* What the task asks
Please write out only the lines from the line with "The pyramid's intricate" to the line with "Восьмилетний австрийский мальчик", inclusive, exactly as they stand below, without the pictures.

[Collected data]
┄┄┄┄┄┄┄┄┄┄

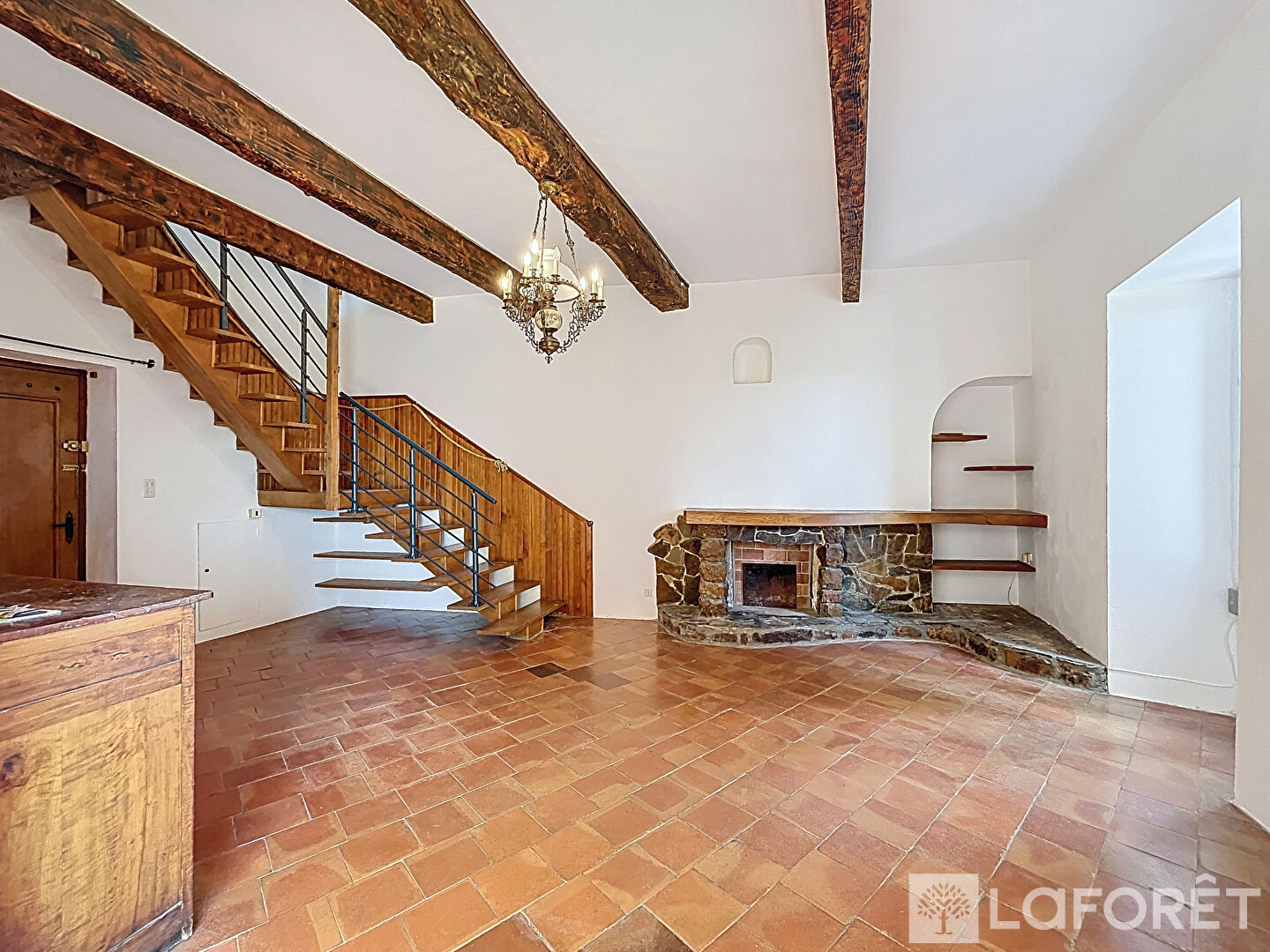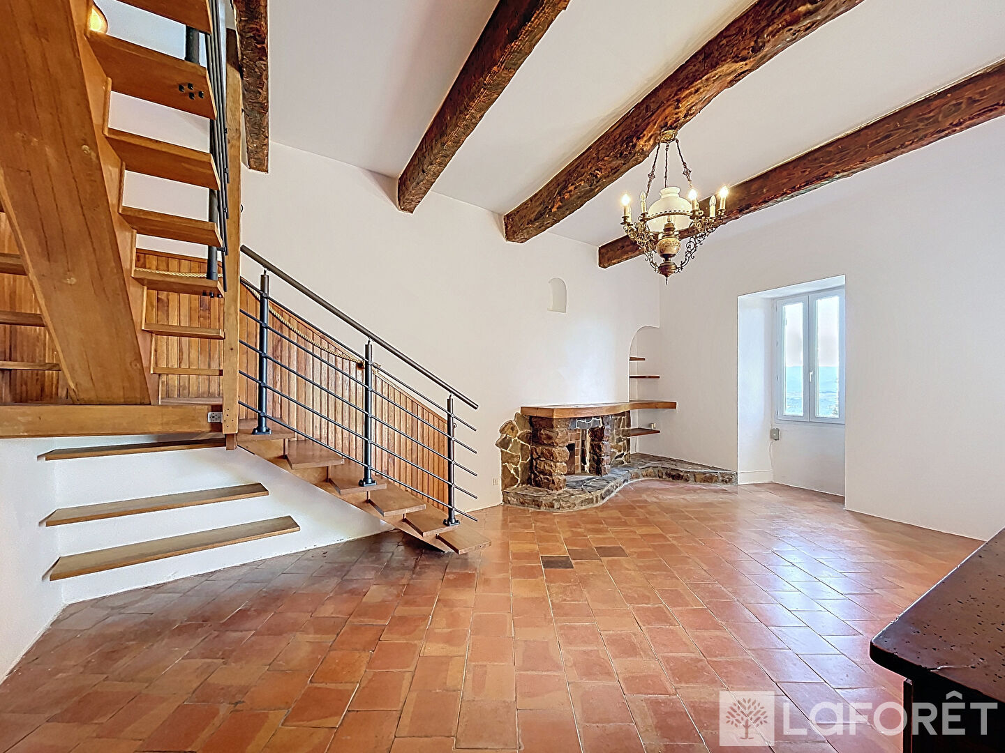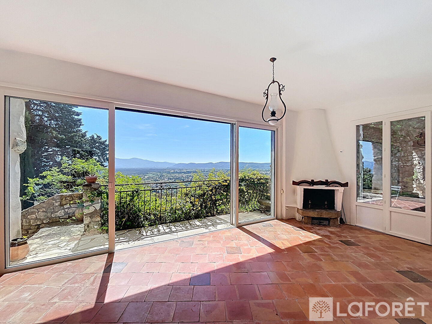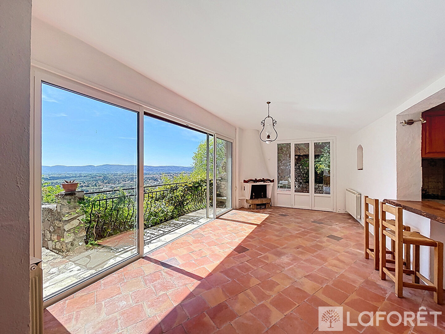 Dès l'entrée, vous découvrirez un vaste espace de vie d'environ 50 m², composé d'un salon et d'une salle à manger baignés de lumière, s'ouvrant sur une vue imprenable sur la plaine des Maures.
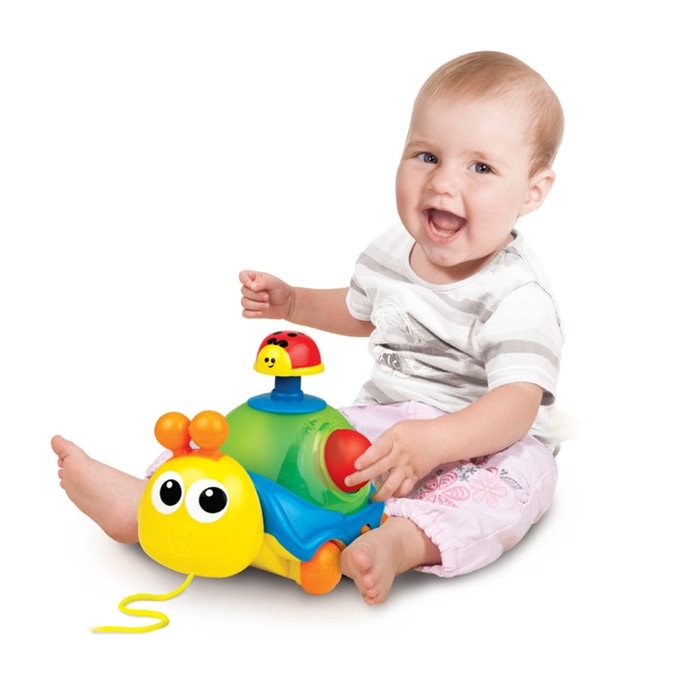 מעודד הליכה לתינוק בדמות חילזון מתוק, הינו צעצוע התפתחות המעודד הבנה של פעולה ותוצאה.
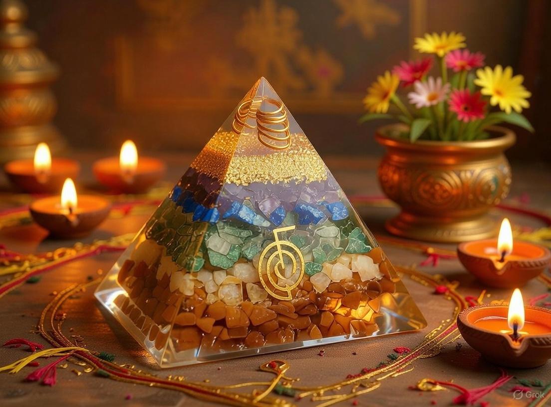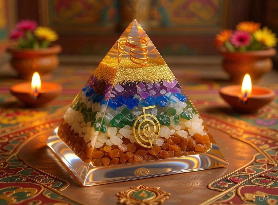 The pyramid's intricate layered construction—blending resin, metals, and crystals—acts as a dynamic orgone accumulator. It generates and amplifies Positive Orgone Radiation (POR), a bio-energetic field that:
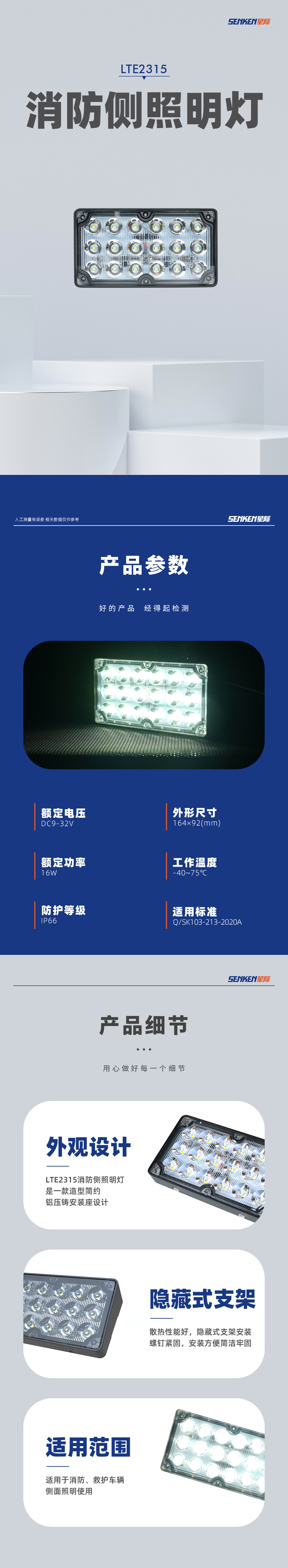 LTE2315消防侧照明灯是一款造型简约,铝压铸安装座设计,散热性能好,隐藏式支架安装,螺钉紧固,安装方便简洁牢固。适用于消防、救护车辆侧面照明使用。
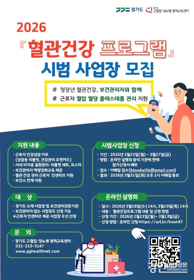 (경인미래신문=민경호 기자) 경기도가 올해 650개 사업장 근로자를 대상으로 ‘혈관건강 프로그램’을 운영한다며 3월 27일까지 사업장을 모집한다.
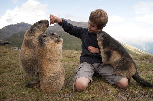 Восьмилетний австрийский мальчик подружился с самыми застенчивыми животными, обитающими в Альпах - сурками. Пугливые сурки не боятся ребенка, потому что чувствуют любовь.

┄┄┄┄┄┄┄┄┄┄

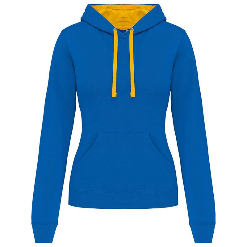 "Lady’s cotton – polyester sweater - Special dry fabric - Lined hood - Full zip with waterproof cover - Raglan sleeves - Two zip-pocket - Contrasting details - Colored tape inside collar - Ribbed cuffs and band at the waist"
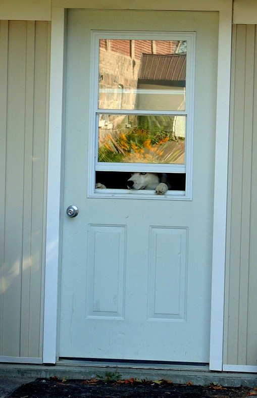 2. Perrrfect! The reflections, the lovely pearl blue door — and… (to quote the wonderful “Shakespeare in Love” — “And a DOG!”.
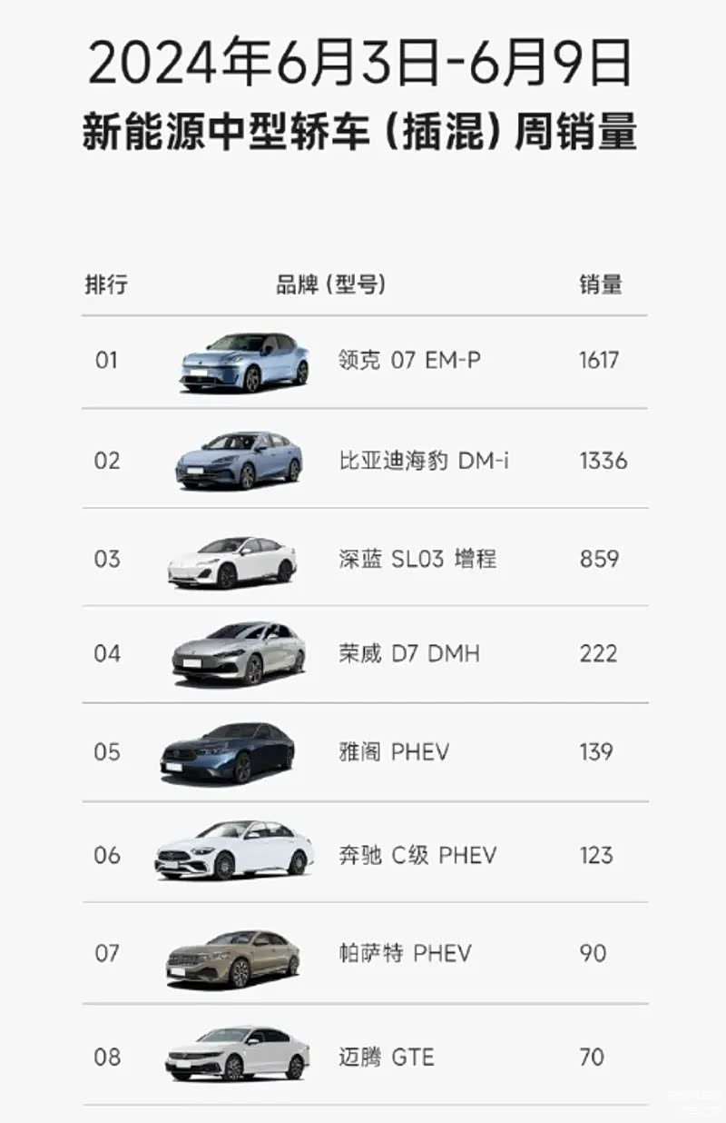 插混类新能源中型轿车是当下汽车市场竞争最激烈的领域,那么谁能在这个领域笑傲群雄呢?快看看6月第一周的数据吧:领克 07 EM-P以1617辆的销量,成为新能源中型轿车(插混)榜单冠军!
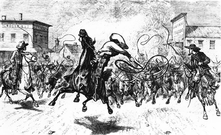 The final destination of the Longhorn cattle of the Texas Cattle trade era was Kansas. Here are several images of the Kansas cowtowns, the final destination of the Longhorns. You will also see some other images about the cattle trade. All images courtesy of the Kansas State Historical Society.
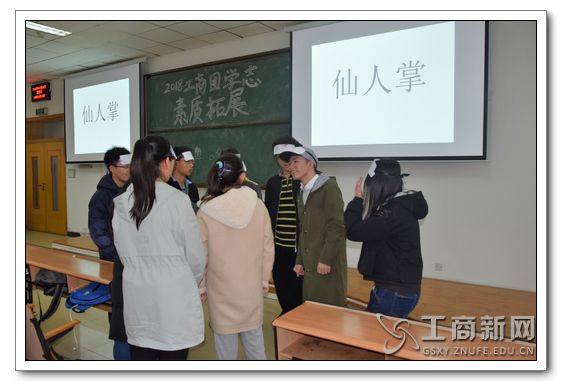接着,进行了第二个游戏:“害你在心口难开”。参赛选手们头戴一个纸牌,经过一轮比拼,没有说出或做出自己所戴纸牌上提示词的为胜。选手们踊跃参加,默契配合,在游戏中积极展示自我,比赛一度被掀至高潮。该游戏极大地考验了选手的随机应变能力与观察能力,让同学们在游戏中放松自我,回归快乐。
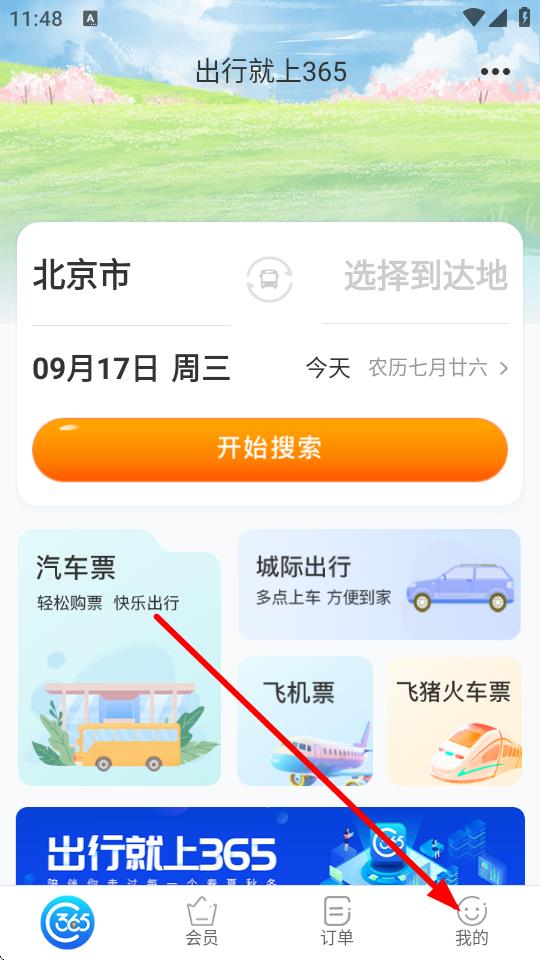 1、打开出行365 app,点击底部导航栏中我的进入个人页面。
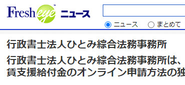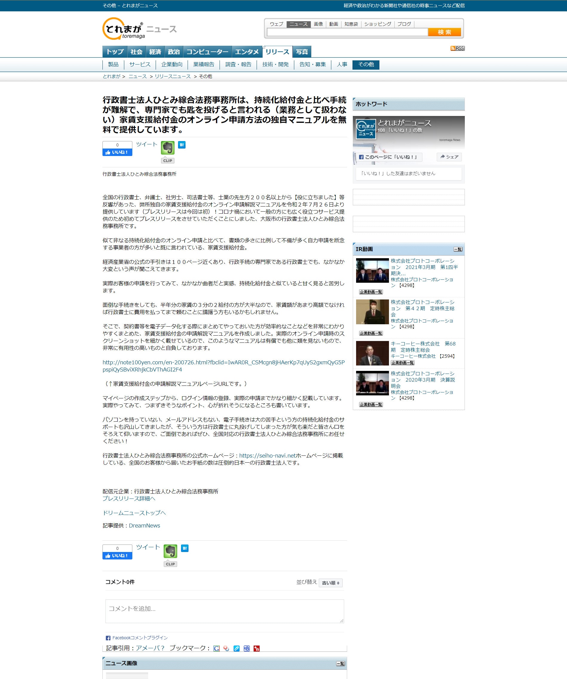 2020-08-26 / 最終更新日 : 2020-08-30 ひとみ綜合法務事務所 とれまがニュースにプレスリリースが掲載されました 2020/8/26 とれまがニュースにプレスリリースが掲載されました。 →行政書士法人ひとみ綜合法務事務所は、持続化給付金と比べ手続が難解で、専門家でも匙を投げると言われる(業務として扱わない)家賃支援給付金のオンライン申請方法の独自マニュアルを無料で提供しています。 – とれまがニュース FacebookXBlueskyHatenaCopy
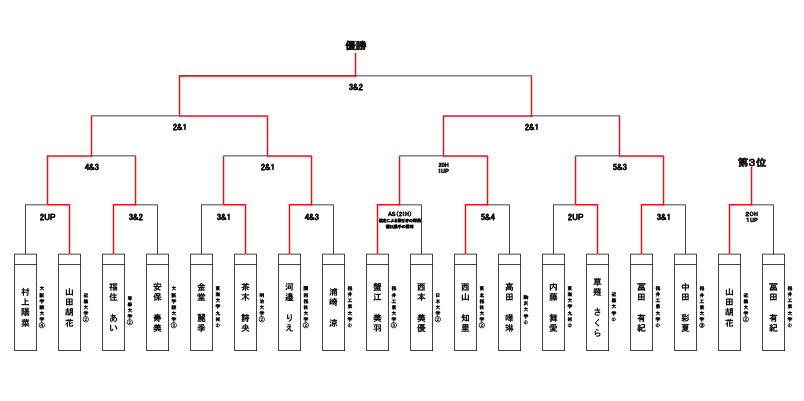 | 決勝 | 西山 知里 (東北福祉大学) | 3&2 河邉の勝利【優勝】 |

┄┄┄┄┄┄┄┄┄┄

* Task response
 The pyramid's intricate layered construction—blending resin, metals, and crystals—acts as a dynamic orgone accumulator. It generates and amplifies Positive Orgone Radiation (POR), a bio-energetic field that:
 LTE2315消防侧照明灯是一款造型简约,铝压铸安装座设计,散热性能好,隐藏式支架安装,螺钉紧固,安装方便简洁牢固。适用于消防、救护车辆侧面照明使用。
 (경인미래신문=민경호 기자) 경기도가 올해 650개 사업장 근로자를 대상으로 ‘혈관건강 프로그램’을 운영한다며 3월 27일까지 사업장을 모집한다.
 Восьмилетний австрийский мальчик подружился с самыми застенчивыми животными, обитающими в Альпах - сурками. Пугливые сурки не боятся ребенка, потому что чувствуют любовь.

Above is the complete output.